● **WORK ORDER**:
Apart from the pictures, every entry below should be repeated exactly.

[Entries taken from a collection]
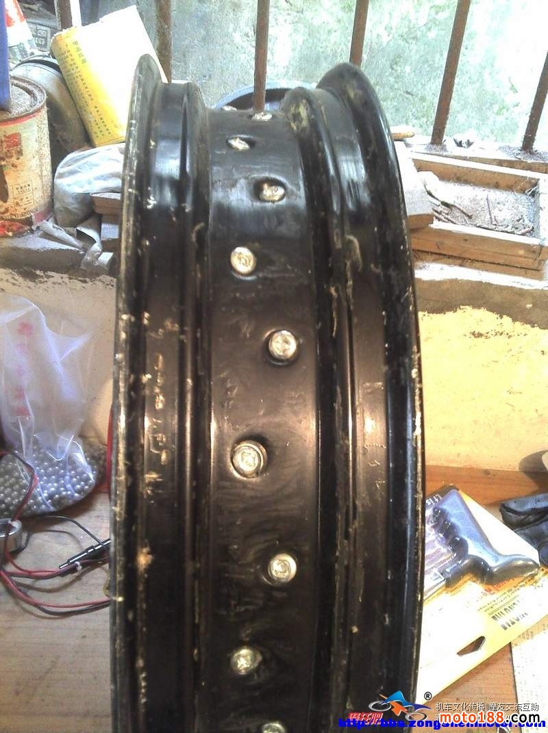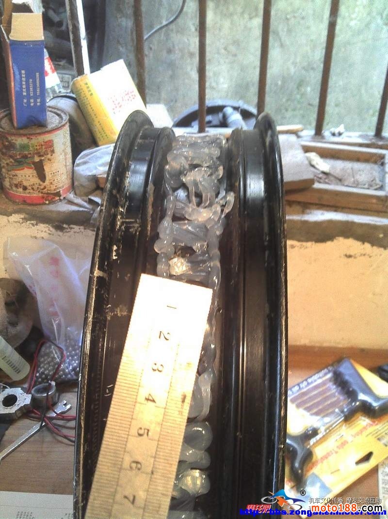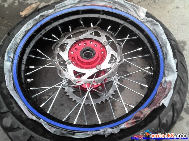 太子車有很多是輻條輪的,基本上用的是內外胎,相對于真空胎來說,就怕在前不著村后不著店的地方車胎被扎壞,加上高溫天氣行駛時爆胎幾率較真空胎高,所以很多兄弟都想改真空胎,比較太子車配輻條輪是一經典,但很多兄弟都不知道怎么改,我也是留意了很久才找到這樣的帖子,特意發上來已給各位兄弟做個參考。 1:先確定輪子是正的,如果不正必須先調好。 2:將輪圈內部刷洗干凈,用洗衣粉洗潔精加溫水,一定要將油污洗干凈,晾干,必須干透。 3:準備好兩支玻璃膠,中性的,透明的,最好是防霉型的,好一點的也才二三十一只。 4:將玻璃膠擠到輪轂中間凹槽處(后輪大概1支,前輪大概大半支),然后用用鋼尺或其它工具將玻璃膠抹平,厚度大概在5mm左右。然后讓玻璃膠充分干透,大概需要兩天左右的時間。記住,氣門嘴的位置不要抹膠,這個位置一定要留出來{:soso_e113:} 5:玻璃膠干透之后裝改裝真空胎的胎墊,或者直接用真空胎的氣門嘴也可以.如果是使用了胎墊,在胎墊裝上之后最好用玻璃膠將胎墊和輪圈之間加上一點玻璃膠,特別是氣門嘴部位。 6:將真空胎裝上輪圈,氣泵加氣,如果這是氣加不起來,大家也不要急,那就是將報紙折成條打濕,讓后塞到鋼圈和輪胎邊緣中間,起到一個密封的效果,這個時候加氣就很順利了,呵呵。氣加好之后可以將報紙條扯出來就行了。 7:輪胎氣加好后在把氣放掉,然后從氣門嘴加入輪胎自補液,然后再把輪胎氣壓加正常水平,大功告成。
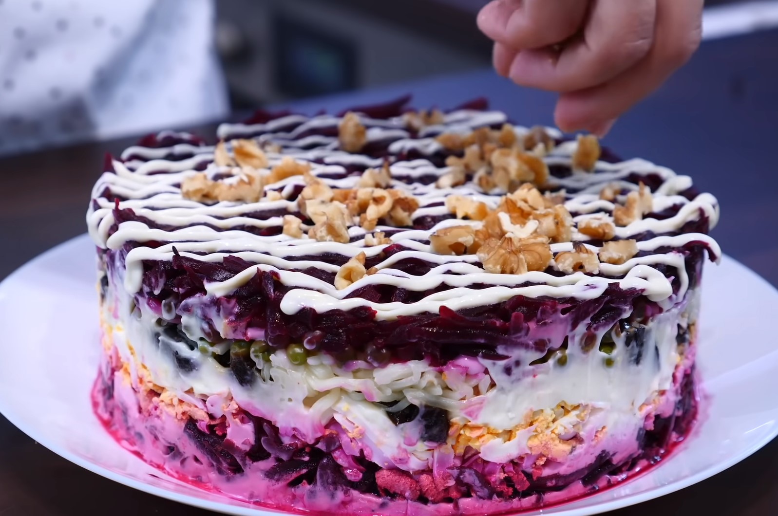 Расскажем, как приготовить вкусный праздничный салат со свеклой, который может храниться в холодильнике до 7 дней.
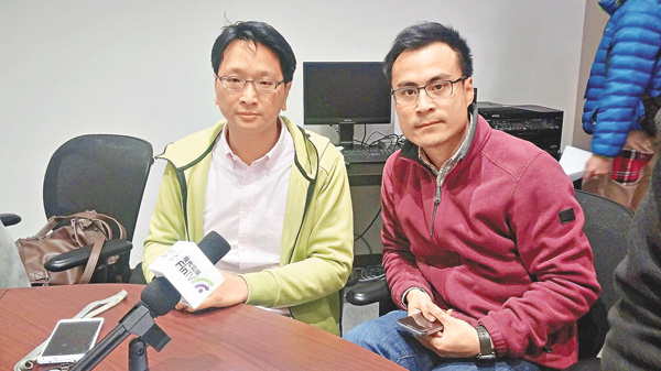 ■工聯會立法會議員鄧家彪及郭偉強昨日與房屋署代表會面,了解房署的招標程序。 鄺慧敏 攝
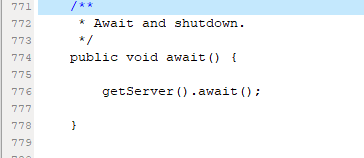 tomcat启动时,设置await,等待关闭指令进入。org\apache\catalina\startup\Bootstrap.java
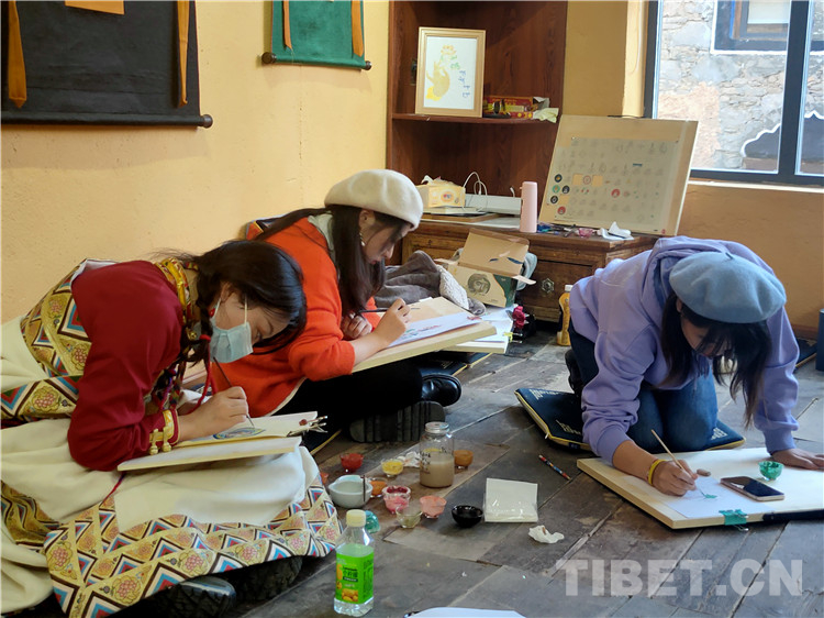 圖為游客體驗藏族傳統(tǒng)美術(shù)工藝
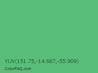 YUV 151.75,-14.667,-55.909 Color is a normal green color and the nearest color is Emerald #50c878. Hex code #58be7a and RGB value is rgb(88,190,122). In RGB color space, this color is composed of 35% red, 75% green, 48% blue, In CMYK color space, this color is composed of 54% cyan, 0% magenta, 36% yellow , 25% black , In HSL color space, this color has a hue angle of 140° , 44% saturation and 55% lightness.
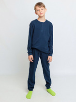 Трикотажная пижама из натурального хлопка. Джемпер с длинными втачными рукавами и брюки с эластичной резинкой в поясе. Мягкие манжеты на рукавах и по низу брюк. Оригинальная набивка выполнена из стойких текстильных гипоаллергенных красителей. Изделие сохраняет цвет и форму после многократных стирок. Все трикотажные полотна производятся в соответствии с нормами швейцарского сертификата ЭкоТекс.
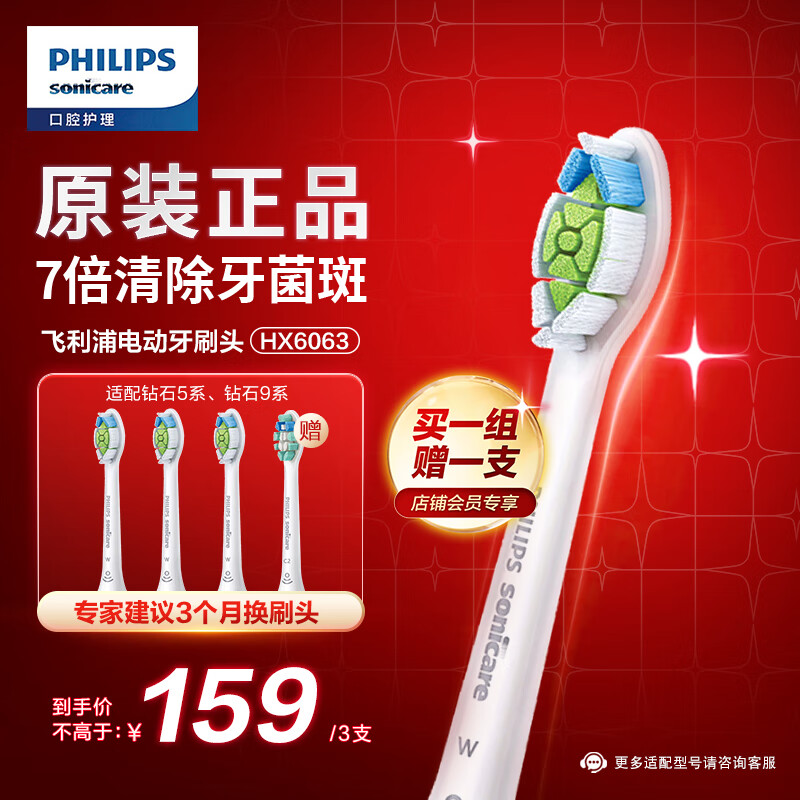 飞利浦(PHILIPS)电动牙刷刷头 钻石亮白型刷头W2 HX6063/67 3支装 白色 适配钻石5系、9系价格:159.00元!
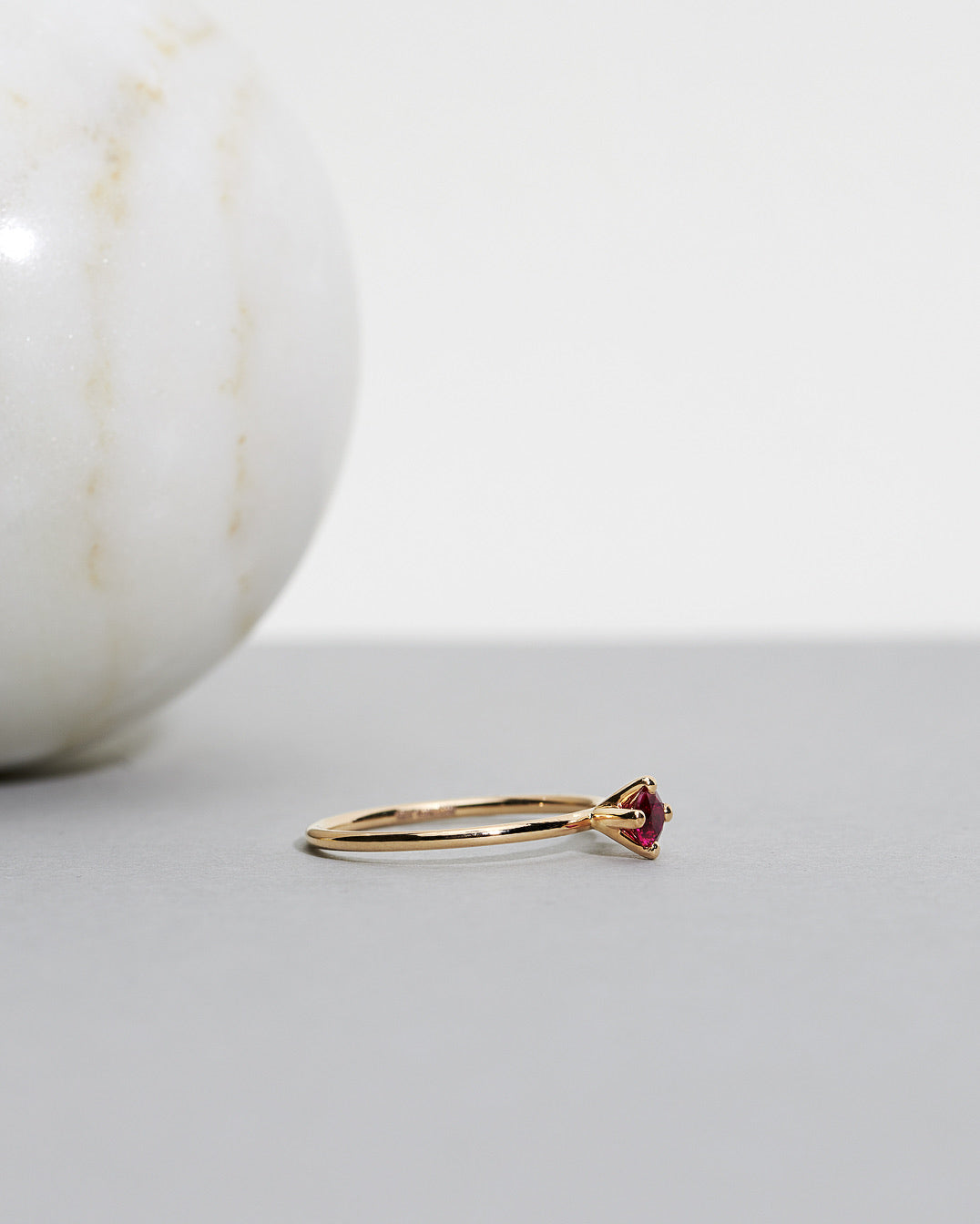 Rubies come in different shades of red, ranging from dull to vivid, light to dark. In this ring we've used a bright red ruby in a beautiful quality.

● **THE COMPLETED TASK**:
 太子車有很多是輻條輪的,基本上用的是內外胎,相對于真空胎來說,就怕在前不著村后不著店的地方車胎被扎壞,加上高溫天氣行駛時爆胎幾率較真空胎高,所以很多兄弟都想改真空胎,比較太子車配輻條輪是一經典,但很多兄弟都不知道怎么改,我也是留意了很久才找到這樣的帖子,特意發上來已給各位兄弟做個參考。 1:先確定輪子是正的,如果不正必須先調好。 2:將輪圈內部刷洗干凈,用洗衣粉洗潔精加溫水,一定要將油污洗干凈,晾干,必須干透。 3:準備好兩支玻璃膠,中性的,透明的,最好是防霉型的,好一點的也才二三十一只。 4:將玻璃膠擠到輪轂中間凹槽處(后輪大概1支,前輪大概大半支),然后用用鋼尺或其它工具將玻璃膠抹平,厚度大概在5mm左右。然后讓玻璃膠充分干透,大概需要兩天左右的時間。記住,氣門嘴的位置不要抹膠,這個位置一定要留出來{:soso_e113:} 5:玻璃膠干透之后裝改裝真空胎的胎墊,或者直接用真空胎的氣門嘴也可以.如果是使用了胎墊,在胎墊裝上之后最好用玻璃膠將胎墊和輪圈之間加上一點玻璃膠,特別是氣門嘴部位。 6:將真空胎裝上輪圈,氣泵加氣,如果這是氣加不起來,大家也不要急,那就是將報紙折成條打濕,讓后塞到鋼圈和輪胎邊緣中間,起到一個密封的效果,這個時候加氣就很順利了,呵呵。氣加好之后可以將報紙條扯出來就行了。 7:輪胎氣加好后在把氣放掉,然后從氣門嘴加入輪胎自補液,然后再把輪胎氣壓加正常水平,大功告成。
 Расскажем, как приготовить вкусный праздничный салат со свеклой, который может храниться в холодильнике до 7 дней.
 ■工聯會立法會議員鄧家彪及郭偉強昨日與房屋署代表會面,了解房署的招標程序。 鄺慧敏 攝
 tomcat启动时,设置await,等待关闭指令进入。org\apache\catalina\startup\Bootstrap.java
 圖為游客體驗藏族傳統(tǒng)美術(shù)工藝
 YUV 151.75,-14.667,-55.909 Color is a normal green color and the nearest color is Emerald #50c878. Hex code #58be7a and RGB value is rgb(88,190,122). In RGB color space, this color is composed of 35% red, 75% green, 48% blue, In CMYK color space, this color is composed of 54% cyan, 0% magenta, 36% yellow , 25% black , In HSL color space, this color has a hue angle of 140° , 44% saturation and 55% lightness.
 Трикотажная пижама из натурального хлопка. Джемпер с длинными втачными рукавами и брюки с эластичной резинкой в поясе. Мягкие манжеты на рукавах и по низу брюк. Оригинальная набивка выполнена из стойких текстильных гипоаллергенных красителей. Изделие сохраняет цвет и форму после многократных стирок. Все трикотажные полотна производятся в соответствии с нормами швейцарского сертификата ЭкоТекс.
 飞利浦(PHILIPS)电动牙刷刷头 钻石亮白型刷头W2 HX6063/67 3支装 白色 适配钻石5系、9系价格:159.00元!
 Rubies come in different shades of red, ranging from dull to vivid, light to dark. In this ring we've used a bright red ruby in a beautiful quality.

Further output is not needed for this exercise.